Don't expect tooo much out of the pup at 4 months of age.

I have trained beagles and coonhounds over the years, and they're all like people...each will learn/or not learn at a different pace.

If you can't go with anyone, just keep taking him to the field, if he has it in him he will get interested and start. Even when he starts, he may have trouble tracking for a while. Unless you are hunting him every week, it's going to take a year or two before he becomes a decent dog...probably hit his prime at 4-5 years of age.

Coonhounds a are even harder, I have waited 6-8 months before taking them to the field for the first time. Had a bluetick once that I took out at 8 months, he hit a track and treed the first time out....that doesn't happen very often.
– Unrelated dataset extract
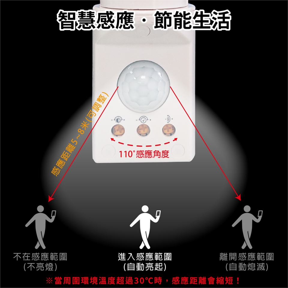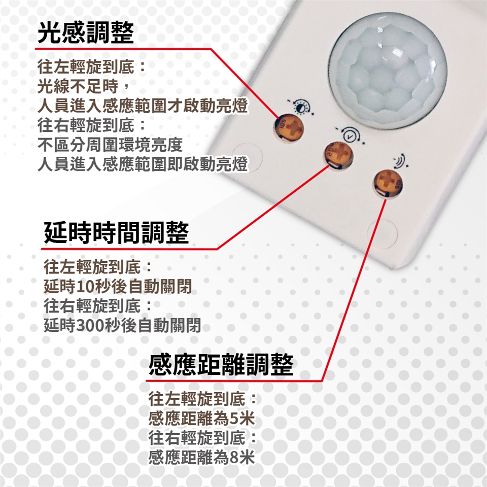 範圍鈕:輕扭至(+)符號,感應範圍為8米;輕鈕至(-)符號,感應範圍為5米。

My advice, keep taking him out and try to hook up with someone else who has a good dog, once in awhile. If his mommy and daddy were good hunters, he probably will be too.


----------



## Shortdrift (Apr 5, 2004)

The earliest I had beagles start to run was 6 months and even then they could get fouled up badly by a crafty rabbit. Just keep taking him out and if you find a sleeper, let him bounce it out. Too bad you don't have a seasoned dog to run him with as it shortens the learning curve. Don't make the mistake of hunting for the dog. Let him do his thing in good cover cause that is how they learn to hunt rather than just trail. Give him timeand think about how many months it took you to learn to walk.


----------



## TxTransplant (Apr 11, 2004)

Thanx guys!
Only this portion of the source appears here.